Abstract Body: We have previously identified early injury-associated transcriptional and signaling pathways linked with vein graft distention and injury during conduit harvest in canine models; however, how these responses are spatially organized across the human vein wall and integrated into multicellular communication networks remains incompletely defined. We assessed the hypothesis that vein graft distension initiates a maladaptive, spatially coordinated remodeling across vascular cell types that promotes pathological healing and graft failure. We therefore applied cutting-edge Xenium in situ spatial transcriptomics to human greater saphenous vein samples (non-distended control and mechanically distended; n = 3 pairs) to define how mechanical injury during vein graft preparation reshapes cellular organization and intercellular communication at single-cell resolution.

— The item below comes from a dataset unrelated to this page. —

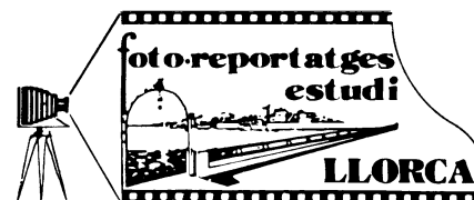
foto-reportatges estudi LLORCA Carrer Major, 16 Tel. 972 32 00 70 SANT FELIU DE GUÍXOLS fotollorca@hotmail.com FOTOCÒPIES B/N - COLOR FOTOS CARNET SERVEIS DIGITALS - LABORATORI COLOR VENDA MATERIAL

Avinguda Carrilet, 64 Tel. 972 82 29 69 - Fax 972 82 03 99 a/e: perlum@perlum.com www.perlum.com 17249 CASTELL D'ARO

Spatial neighborhood enrichment and co-occurrence analyses revealed a conserved CRTAC1⁺ endothelial subpopulation in the intima of control veins that was replaced by inwardly expanding PALLD⁺ smooth muscle cells following distention, reflecting broader vessel wall reorganization. Ligand-receptor interaction analysis provided functional support for this architectural shift, revealing a global loss of incoming and outgoing endothelial signaling capacity in distended veins. In contrast, myofibroblasts and mast cells emerged as prominent signaling hubs, exhibiting increased transmission and reception of intercellular signals associated with pro-inflammatory signaling and fibroblast-smooth muscle crosstalk—hallmarks of early pathological vascular remodeling. Consistent with this signaling rewiring, complementary transcriptional analysis identified SFRP1⁺ fibroblast populations enriched for gene programs associated with extracellular matrix remodeling and cellular activation, supporting fibroblast activation in response to injury.

In conclusion, these findings define a coordinated injury response in distended human veins characterized by loss of endothelial organization and signaling, emergence of smooth muscle cells as structural organizers, and activation of fibroblast and immune compartments. These results provide mechanistic insight into early vein graft injury and identify spatially resolved cellular targets for therapeutic intervention prior to graft failure.